Working with neuroscientists and linguists ensures high-quality translations.

“Things can get lost in translation,” Romero said. “So we were very careful to make sure that there were quality controls so that the translations produced were well-written, with no mistakes in the language used or in the concepts described, so that native-Spanish speakers could trust the science.”

Romero said he’s proud this initiative is an example of fruitful collaborations between science and humanities departments. “We each bring expertise to the partnership,” he said. “In the world of science, we can take for granted that everyone communicates, everyone speaks, everyone writes, but we don’t always look at the language structurally.

“This project made crystal clear that we needed an expert in the structure of the language so that we can better communicate the scientific knowledge.”
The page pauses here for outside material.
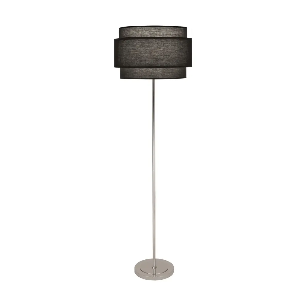 Simple and refined, the Decker Floor Lamp from Robert Abbey brings an elevated sense of style to its environment while remaining simple enough to blend in. A sleek metal base sends a thin stem upward to the lamp’s incandescent light source. Nested fabric shades are set atop the piece, filtering warm light outward while allowing light to funnel both upward and downward to fill the room. Elegant and minimal, this fixture sets a serene tone for the room as it brightens.

The ongoing project is expanding across continents, with students from the Universidad Complutense de Madrid and the Universidad Autónoma de Madrid joining the program as editors for the neuroscience translations. Romero and Suhr will move from editorial operations to project oversight and programming responsibilities.

“We hope this project continues to grow and becomes even more collaborative by adding to our team more community partners as well as professors and students from other disciplines within UCLA and other universities around the world,” Suhr said.

UCLA student translators also develop outreach activities – including podcasts, presentations and audible articles – to complement the translated research articles and to create awareness of the availability of these resources.

“In-person community outreach contributes to making our resources even more accessible for our local communities and allows us to see its impact firsthand,” Suhr said. “We have partnered with high schools and community centers in highly densely Hispanic populated areas in Los Angeles to conduct workshops on the translated articles for the Latinx youth.

“Our UCLA Latinx students have reported conversations with high schoolers who approached them after the workshop to show their appreciation for presenting science in Spanish and to ask questions about STEM careers.”

Long term, researchers hope that increasing the availability of Spanish-language scientific information can help combat the persistent lack of diversity in neuroscience and STEM currently seen in academia.

“We’re hoping to encourage other people to replicate what we’ve done. You can theoretically translate any number of different fields into dozens, hundreds, thousands of languages,” Romero said.